The victim has "severe fractures and trauma to the head," the Chron reports, and Karajah was arrested later at his home.
Friday evening, Uber spokesperson Eva Behrend sent this statement to SFist regarding the incident:
"Safety is Uber's #1 priority. We take reports like this seriously and are treating the matter with the utmost urgency and care. It is also our policy to immediately suspend a driver’s account following any serious allegations, which we have done. We stand ready to assist authorities in any investigation.”
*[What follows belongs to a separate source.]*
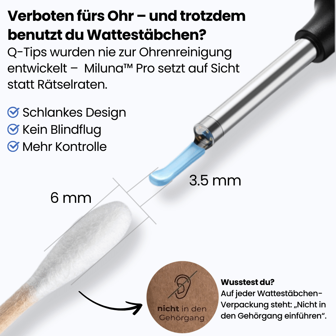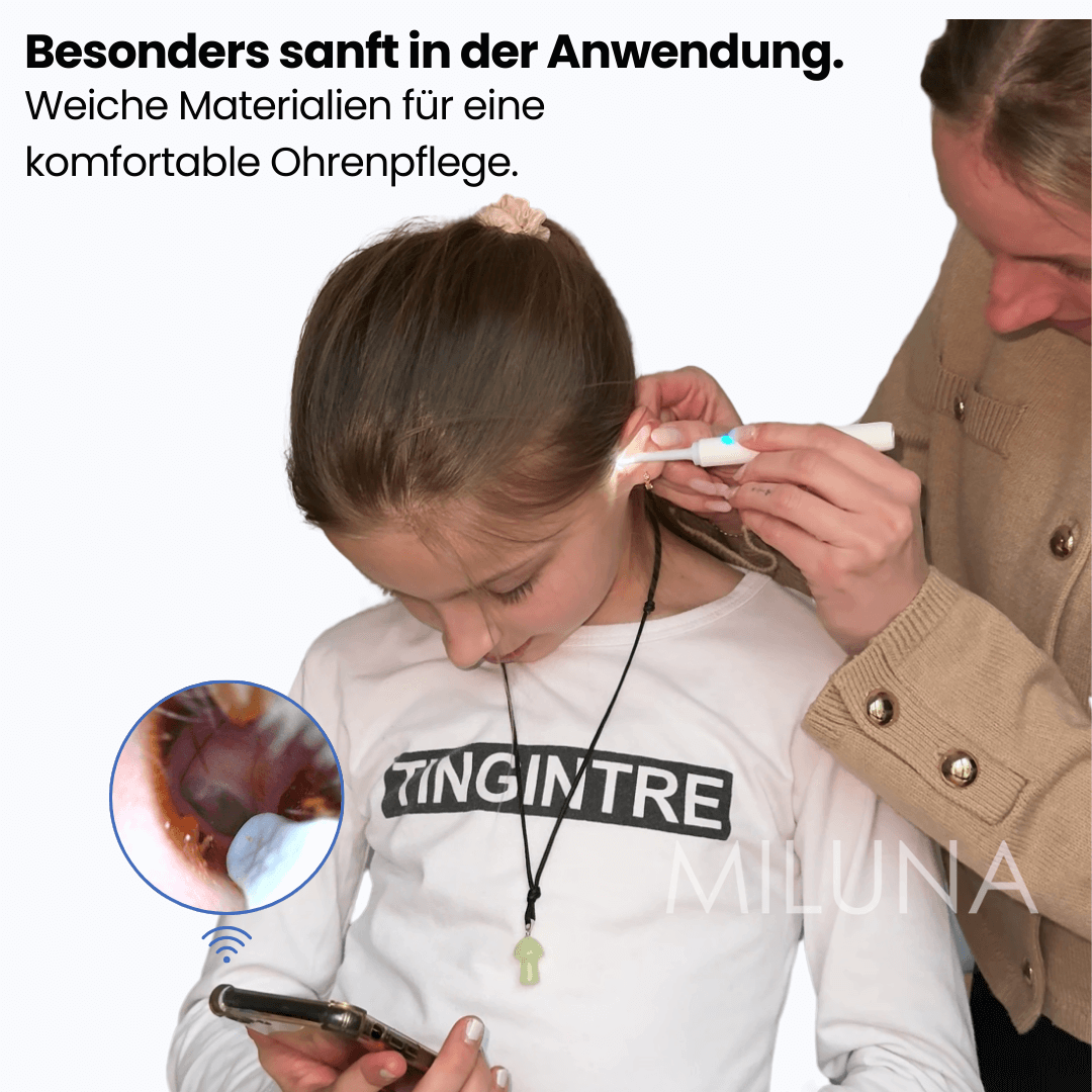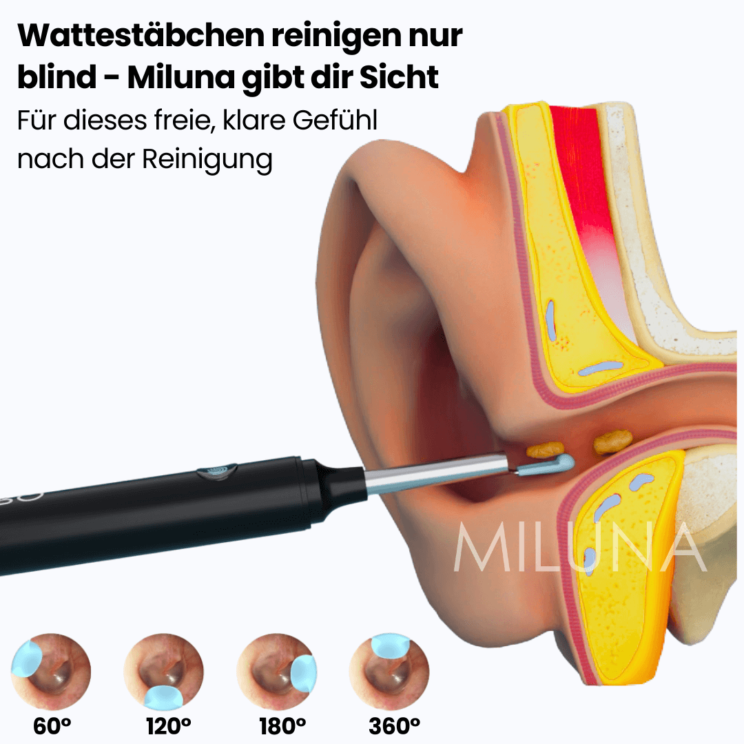 Miluna steht für klare Sicht, sanfte Reinigung und das Vertrauen, endlich zu wissen, was im Ohr passiert."

The timing of this news item is particularly strange — typically, the San Francisco Police Department and the District Attorney's Office makes an effort to alert the media to cases that might be of interest, as this one most obviously is. It's odd that, instead, we're only hearing about this on a Friday afternoon — helpfully, the DA's office sent a note to media at 4:08 p.m. saying that District Attorney George Gascon will only be available at "4:40 SHARP" for ten minutes to discuss the case.
And finally, of course, there's the fact that last night, Gascon's office sent a note to Uber and Lyft telling them that, among other things, they must "remove all statements from their mobile apps, websites and other publications that imply their background checks reveal drivers’ complete criminal history," calling such claims "patently untrue."
It's unclear if Karajah, like UberX driver Daveea Whitmire, had a criminal record that the ridesharing company failed to pick up on. What we do know is that as of Thursday, he's been charged with assault with a deadly weapon and battery with serious bodily injury, and is free on $125,000 bail.